The southern African nation has agreed in principle with holders of 60 percent of its bonds, including New York-based hedge fund Greylock Capital Management LLC, a deal that will see them swap into a new $900 million Eurobond maturing in 2033 and another instrument linked to future gas revenues, the Ministry of Finance said in a statement Tuesday.
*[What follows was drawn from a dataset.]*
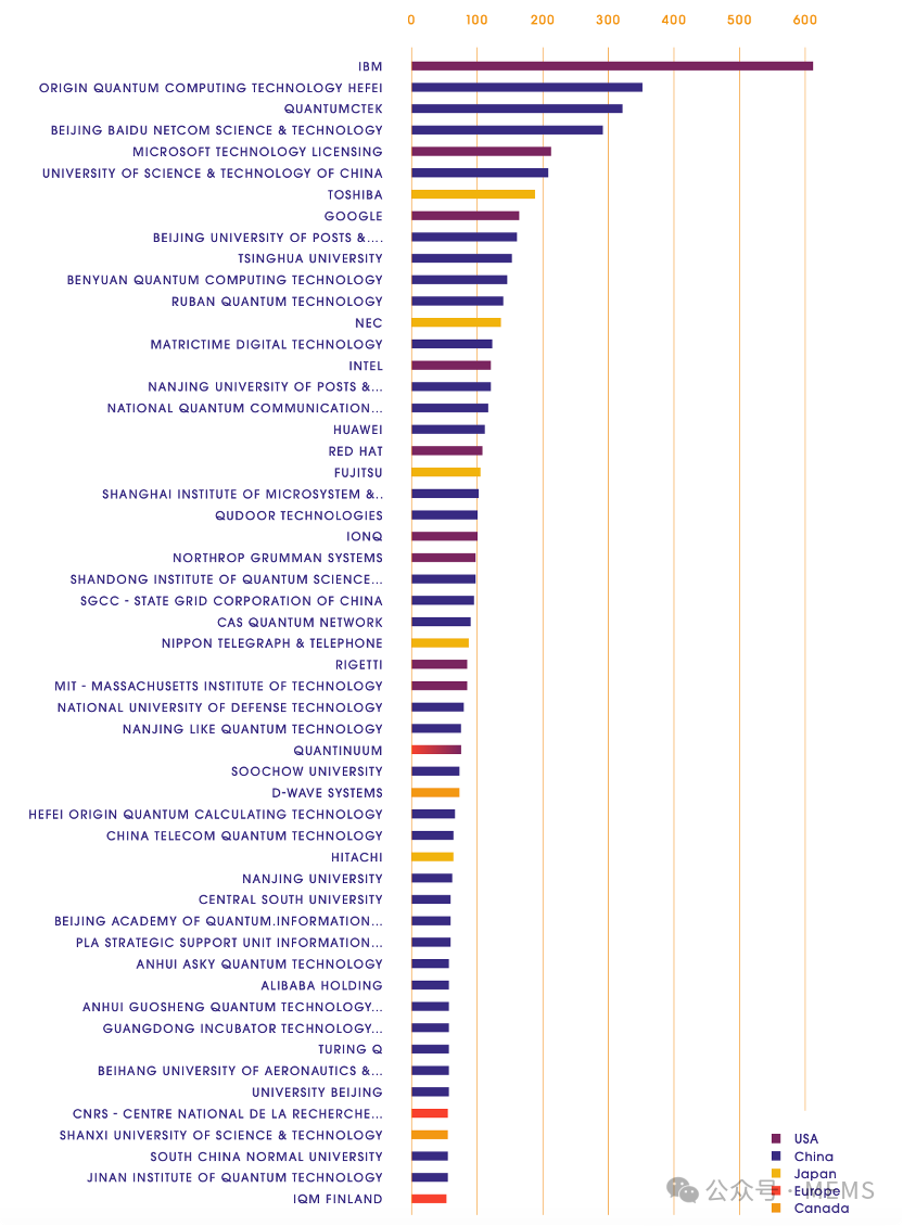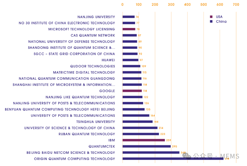 在中國申請的量子技術(shù)專利按申請量排名,前25位專利申請人中,除了三家來自美國的申請人(IBM、谷歌和微軟),其他全部為中國本土機構(gòu),包括本源量子計算科技(合肥)股份有限公司、北京百度網(wǎng)訊科技有限公司、科大國盾量子技術(shù)股份有限公司、如班量子科技有限公司、中國科學(xué)技術(shù)大學(xué)、清華大學(xué)、北京郵電大學(xué)及南京郵電大學(xué)等。

The government’s sole Eurobond, a $727 million deal maturing in 2023, rose to 85.3 cents on the dollar, the highest level this month, which equates to a yield of around 17.1 percent.

Here’s more detail:

  • The ministry reached an agreement with four members of the so-called Global Group of Mozambique Bondholders: Greylock, Farallon Capital Europe, Mangart Capital Advisors, Pharo Management
  • The deal is conditional on parliamentary approval and the parties finalizing the “detailed terms”
  • The Finance Ministry expects to start an exchange offer early next year
  • Both new instruments will be senior unsecured obligations of the government
  • The Eurobond will have a 5.875 percent coupon; through 2023, 4 percent will be paid in cash and the rest will be “payable via capitalization”
    • The notes will amortize from September 2029 via five equal payments
    • The $900 million includes the outstanding principal and unpaid interest as of September this year
  • The so-called “value recovery instrument” will be of “an amount equal to 5% of the prior year’s aggregate fiscal revenue derived by Mozambique from the Area 1 and Area 4 natural gas projects”
    • There will be a payment cap of $500 million and a final applicable fiscal year of 2033
    • The “precise payment dates and mechanism for calculating and verifying payment amounts to be determined in definitive documentation”

The ministry made no mention of the more than $1 billion of loans for state companies Mozambique Asset Management and ProIndicus that the government also wants to restructure. Both companies’ loans have state guarantees. The government wanted to deal with all debt holders together, but the Eurobond holders argued they should get preferential treatment because the legality of the guarantees was questionable.